We estimate that another billion courses of vaccine capacity is worth $1 trillion of additional global benefits, and could accelerate vaccination by two months for rich countries and five months for the world. This $1 trillion—$1,000 for each additional course—would be much higher if the pandemic takes a turn for the worse—if, say, new variants require fresh vaccination or some vaccine manufacturers hit production snags.
Is it physically possible to build more capacity? We don’t know how much more can be built and how quickly, but the global benefits of capacity—$5,800 for every vaccination course overall, and $1,000 for incremental capacity—far exceed the prices paid to firms in deals to date, between $6 and $40 a course. This means that private incentives are a fraction of the social value at stake.

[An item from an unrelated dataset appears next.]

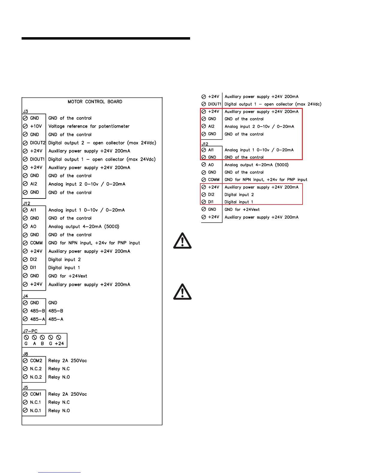 start/stop digital input must be used (mains voltage

Private incentives may be particularly poor when it comes to speed. Consider a firm that will vaccinate one billion people at a fixed price of $40 each. The firm earns the same $40 billion whether it supplies the billion courses in a single month or stretched over a year. But doing it in a month requires 12 times the capacity costs. If you are wondering why vaccination is taking so long, this is the basic economic reason.
…The recent announcement that Merck will produce the Johnson & Johnson vaccine is a great example of finding a creative way to build more capacity. We don’t have specific production numbers for this deal. But suppose deals like this one could create an additional 40 million courses a month for the U.S., starting in April. Our analysis suggests that such a capacity increase is worth $136 billion to the U.S. and allows Americans to be vaccinated by June instead of August. If this new capacity is donated to the world after the U.S. is finished using it, it would generate more than $500 billion in total global benefits and accelerate global vaccination by nearly three months.
There are also options for stretching what exists: delaying the second of two doses, giving only one dose to those previously infected, or using lower-dose regimens. If it turns out that half doses are almost as effective as full doses, or a single dose is almost as effective as a two-dose course, capacity would effectively double overnight—which our analysis suggests is worth several trillion dollars.